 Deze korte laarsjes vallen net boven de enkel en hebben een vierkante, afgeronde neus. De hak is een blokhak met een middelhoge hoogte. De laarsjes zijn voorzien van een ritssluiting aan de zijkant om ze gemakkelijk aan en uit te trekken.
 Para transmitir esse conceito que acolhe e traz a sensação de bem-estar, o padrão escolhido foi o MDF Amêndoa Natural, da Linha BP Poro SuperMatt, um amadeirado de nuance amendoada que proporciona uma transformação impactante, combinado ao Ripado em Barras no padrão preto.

==

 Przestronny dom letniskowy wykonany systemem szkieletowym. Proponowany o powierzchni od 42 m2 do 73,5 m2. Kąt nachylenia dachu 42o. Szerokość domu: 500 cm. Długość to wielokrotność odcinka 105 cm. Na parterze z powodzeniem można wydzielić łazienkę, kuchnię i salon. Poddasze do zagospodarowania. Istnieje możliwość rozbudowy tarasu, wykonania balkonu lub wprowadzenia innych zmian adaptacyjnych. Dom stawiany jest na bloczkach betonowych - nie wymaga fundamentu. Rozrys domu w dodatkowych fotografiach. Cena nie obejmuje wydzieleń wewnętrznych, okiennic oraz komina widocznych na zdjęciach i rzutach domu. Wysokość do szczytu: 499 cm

---

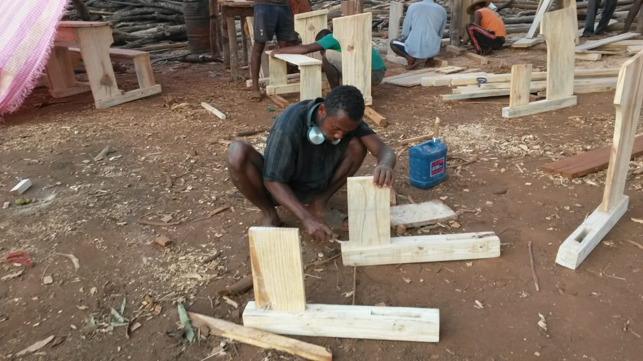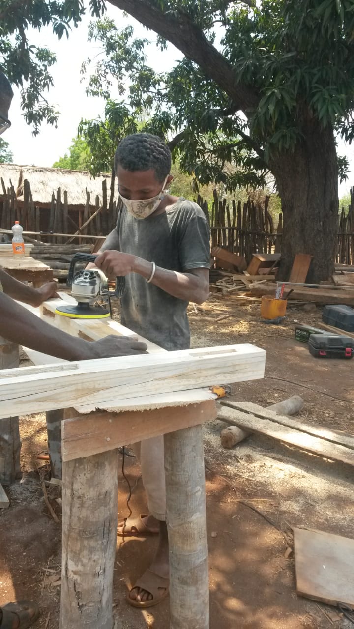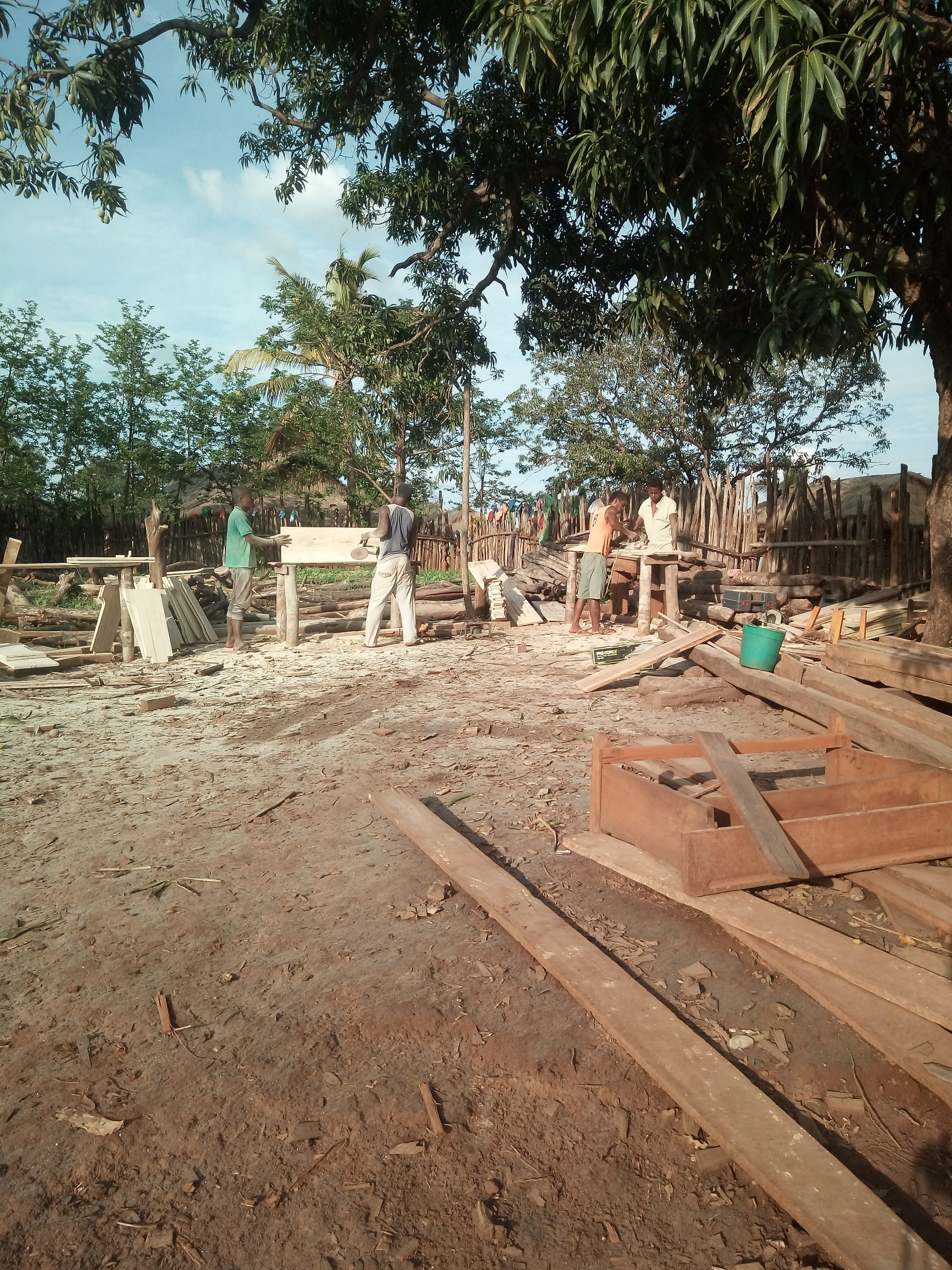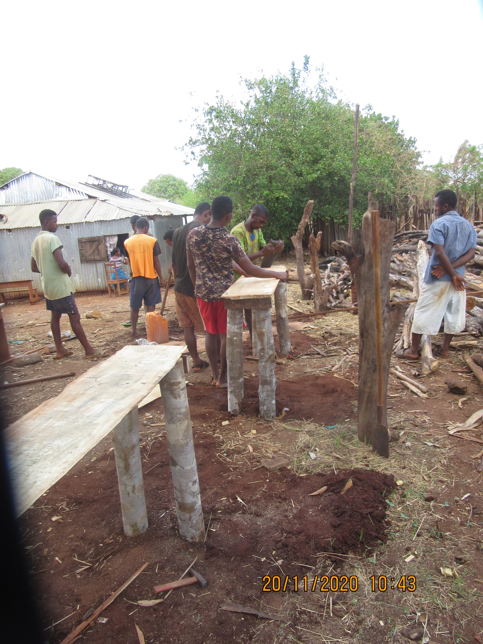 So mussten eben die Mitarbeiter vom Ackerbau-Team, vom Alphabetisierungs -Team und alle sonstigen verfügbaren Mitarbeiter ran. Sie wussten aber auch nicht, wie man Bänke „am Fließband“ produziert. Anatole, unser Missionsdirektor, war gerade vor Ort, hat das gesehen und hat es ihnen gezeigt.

* **GOAL OF THE EXERCISE**:
Reproduce exactly the lines of the records above from the one with "Deze korte laarsjes" to the one with "Para transmitir esse", both included, and leave out everything else.

* **RESPONSE BOX**:
 Deze korte laarsjes vallen net boven de enkel en hebben een vierkante, afgeronde neus. De hak is een blokhak met een middelhoge hoogte. De laarsjes zijn voorzien van een ritssluiting aan de zijkant om ze gemakkelijk aan en uit te trekken.
 Para transmitir esse conceito que acolhe e traz a sensação de bem-estar, o padrão escolhido foi o MDF Amêndoa Natural, da Linha BP Poro SuperMatt, um amadeirado de nuance amendoada que proporciona uma transformação impactante, combinado ao Ripado em Barras no padrão preto.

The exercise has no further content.